Retype each line of the data below exactly, beginning with the first and ending with the one that contains "The staging points". Pictures do not belong in the copy.

Supplied information:
··········
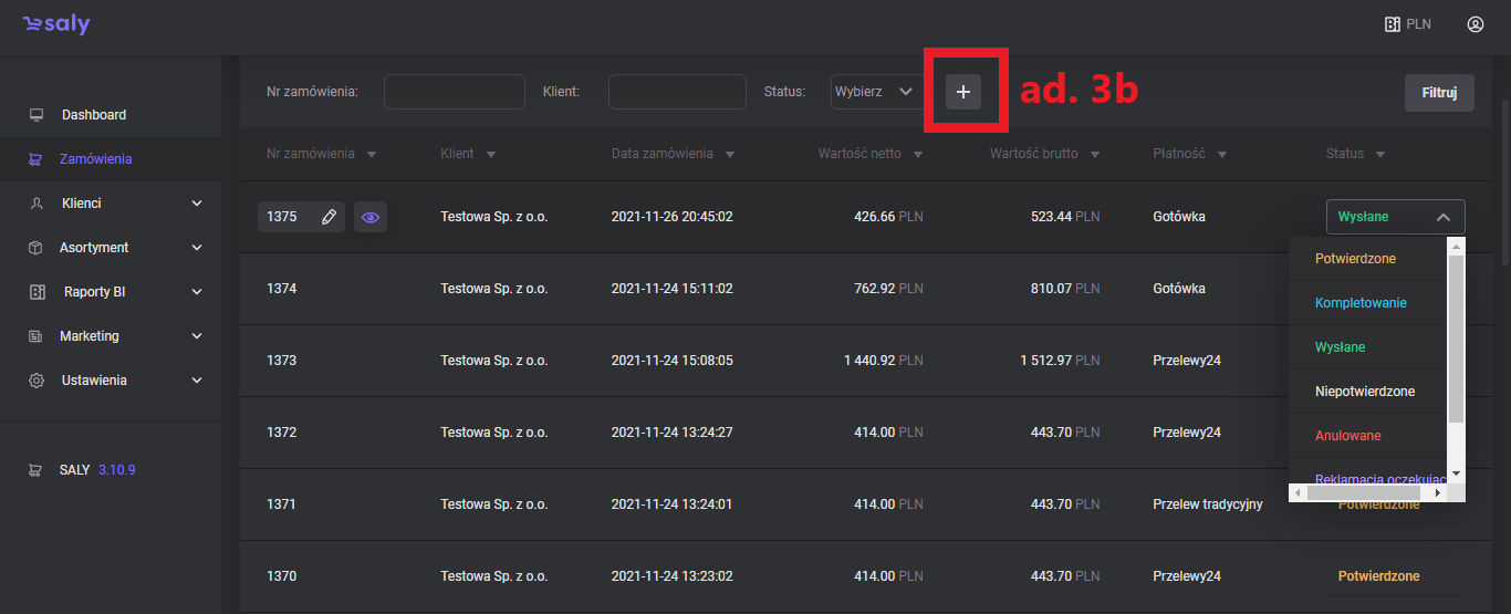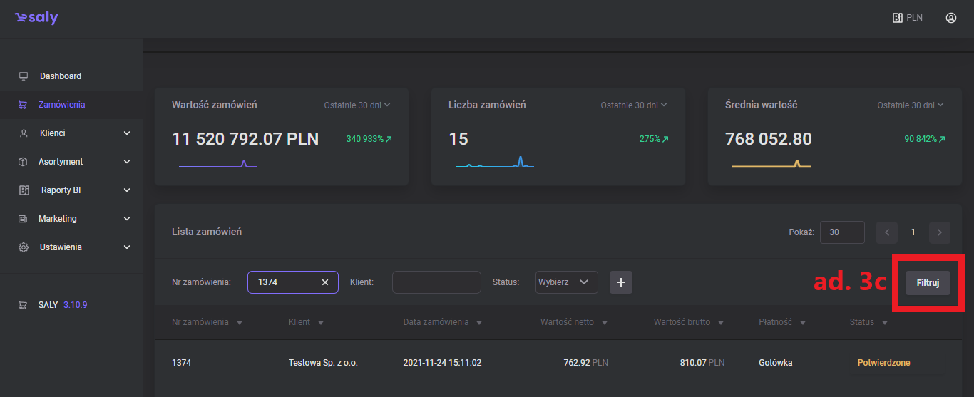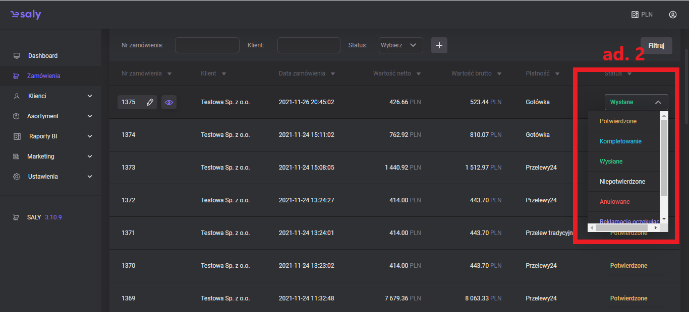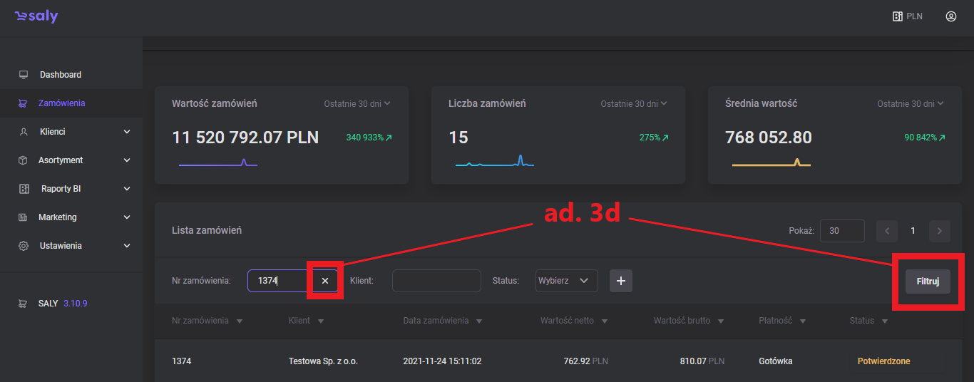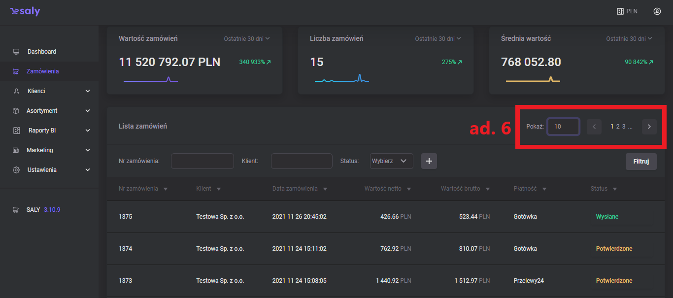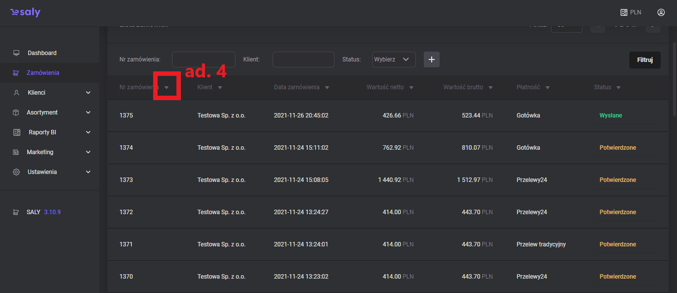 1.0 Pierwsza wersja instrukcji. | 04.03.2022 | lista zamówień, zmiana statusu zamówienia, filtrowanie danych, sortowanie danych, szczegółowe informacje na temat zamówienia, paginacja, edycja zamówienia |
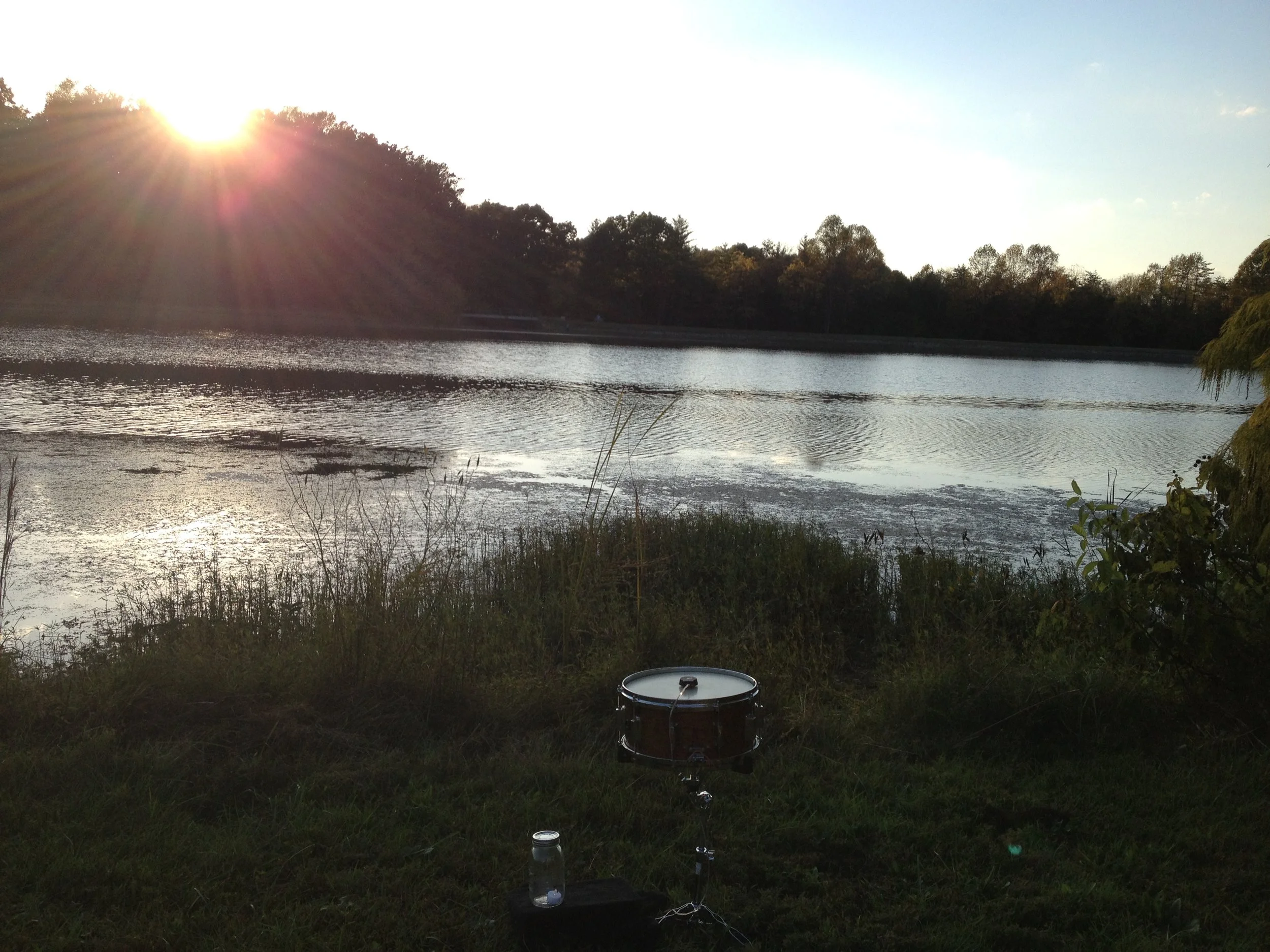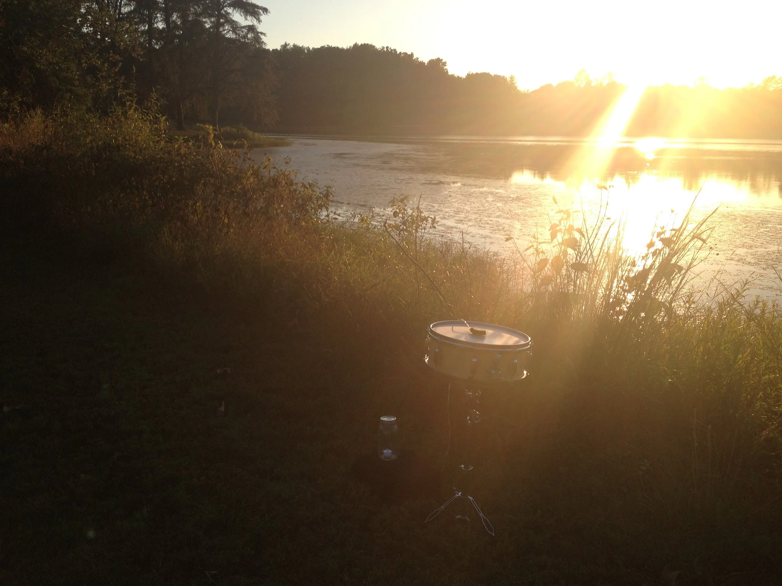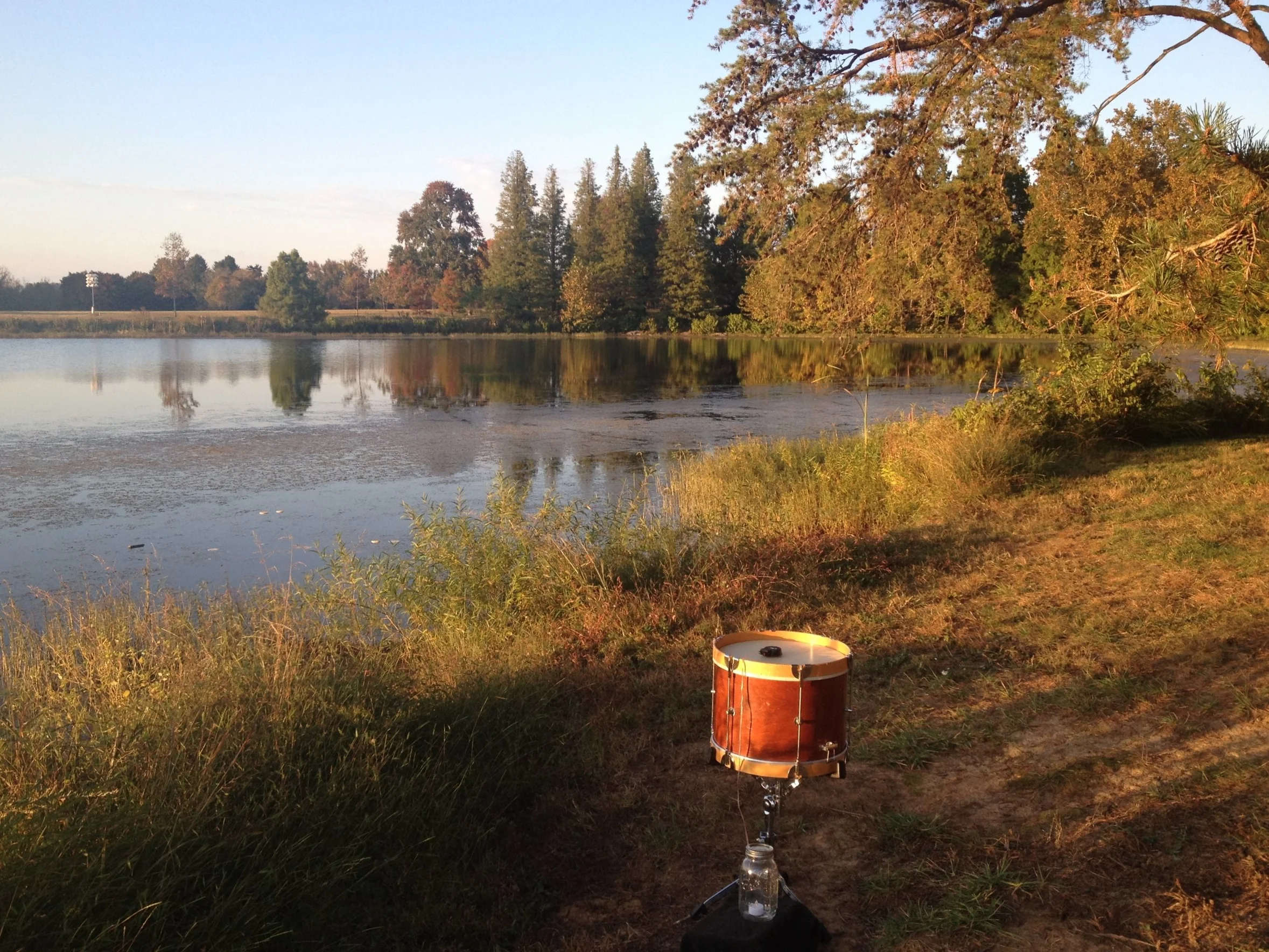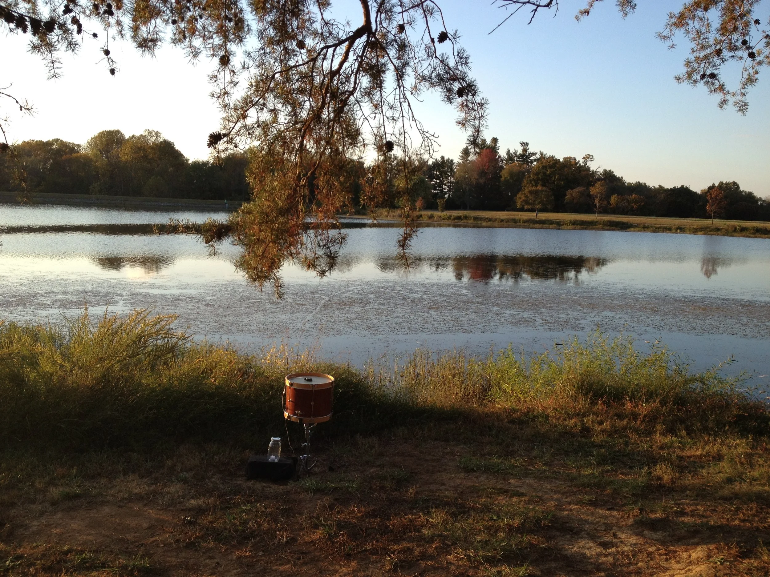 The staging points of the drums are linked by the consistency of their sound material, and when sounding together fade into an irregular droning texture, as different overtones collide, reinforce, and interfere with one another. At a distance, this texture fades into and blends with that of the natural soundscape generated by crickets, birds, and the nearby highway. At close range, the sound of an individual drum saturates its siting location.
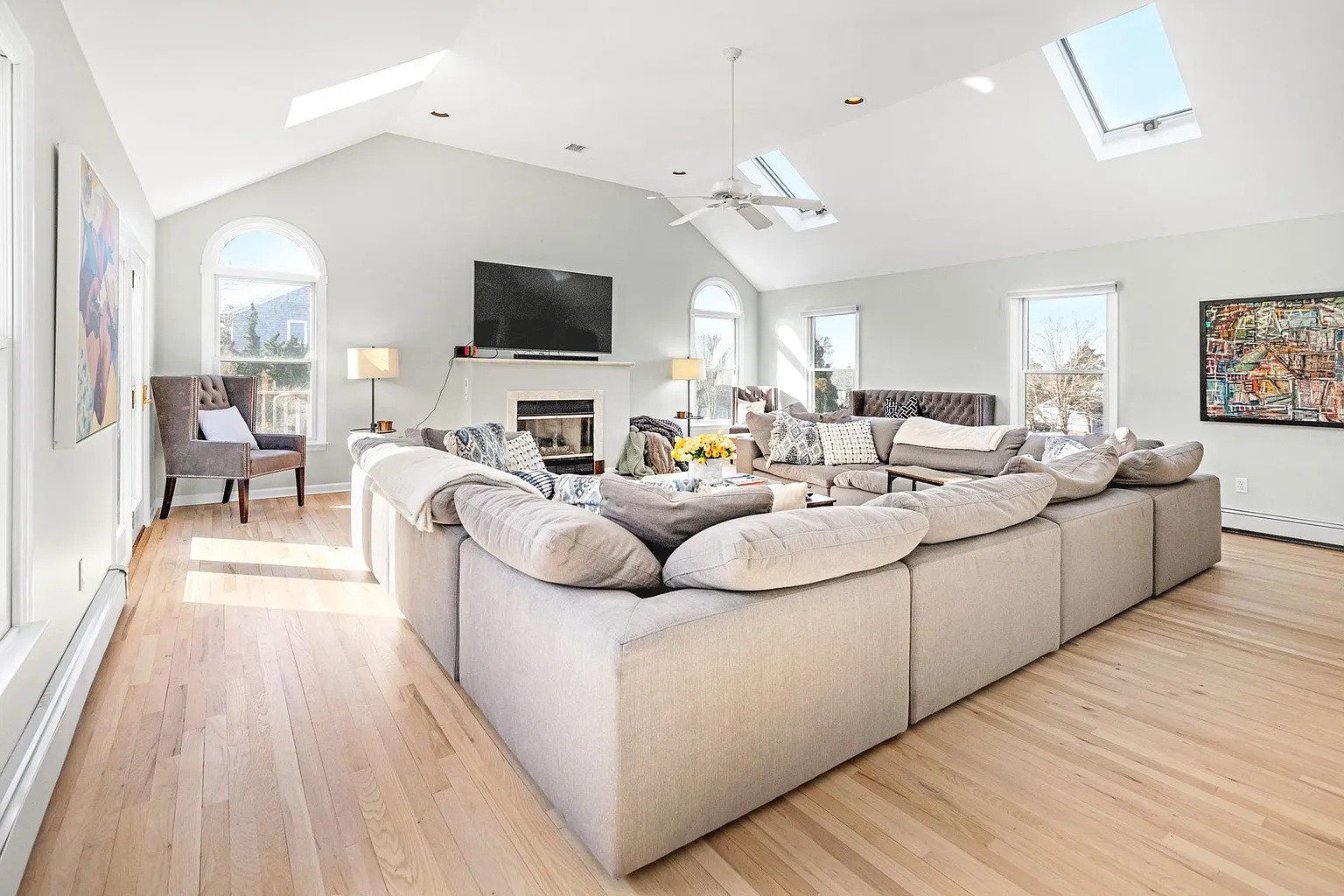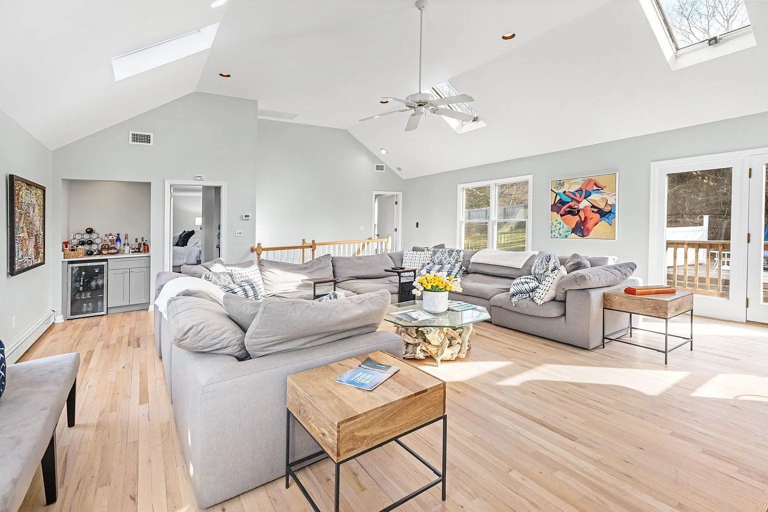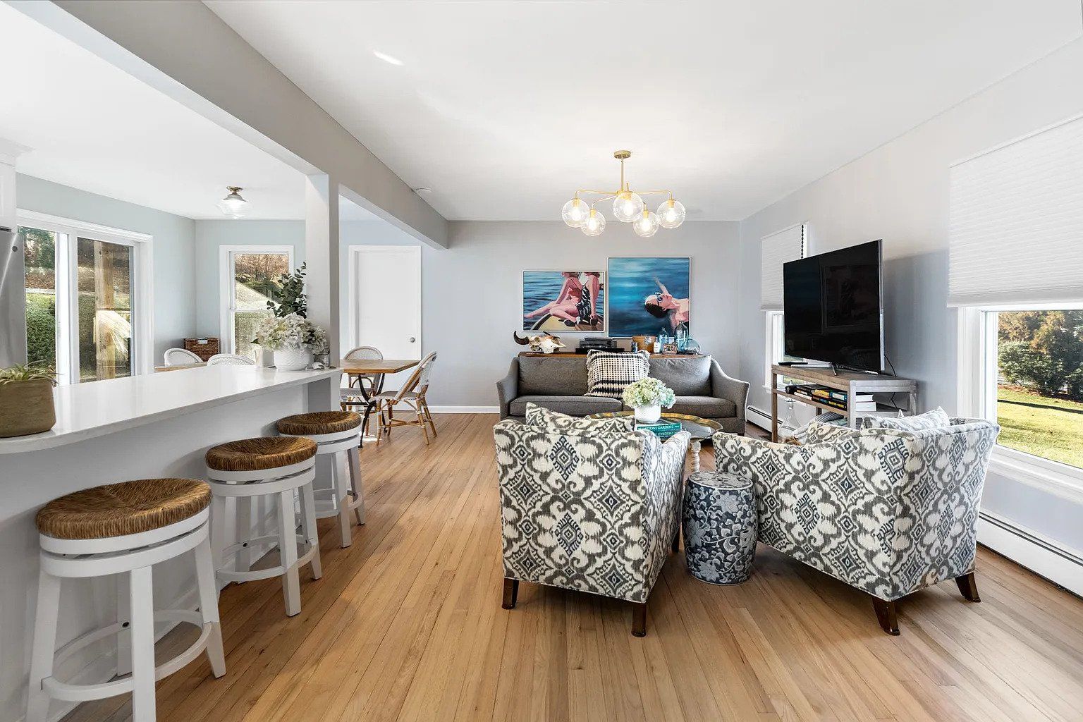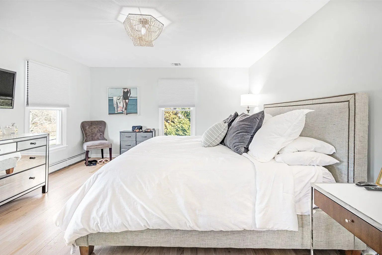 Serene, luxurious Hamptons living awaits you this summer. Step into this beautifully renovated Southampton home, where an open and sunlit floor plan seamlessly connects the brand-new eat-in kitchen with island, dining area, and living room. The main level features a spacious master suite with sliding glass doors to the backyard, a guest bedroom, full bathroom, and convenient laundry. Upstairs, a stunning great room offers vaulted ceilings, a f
··········
Response to this task:
 1.0 Pierwsza wersja instrukcji. | 04.03.2022 | lista zamówień, zmiana statusu zamówienia, filtrowanie danych, sortowanie danych, szczegółowe informacje na temat zamówienia, paginacja, edycja zamówienia |
 The staging points of the drums are linked by the consistency of their sound material, and when sounding together fade into an irregular droning texture, as different overtones collide, reinforce, and interfere with one another. At a distance, this texture fades into and blends with that of the natural soundscape generated by crickets, birds, and the nearby highway. At close range, the sound of an individual drum saturates its siting location.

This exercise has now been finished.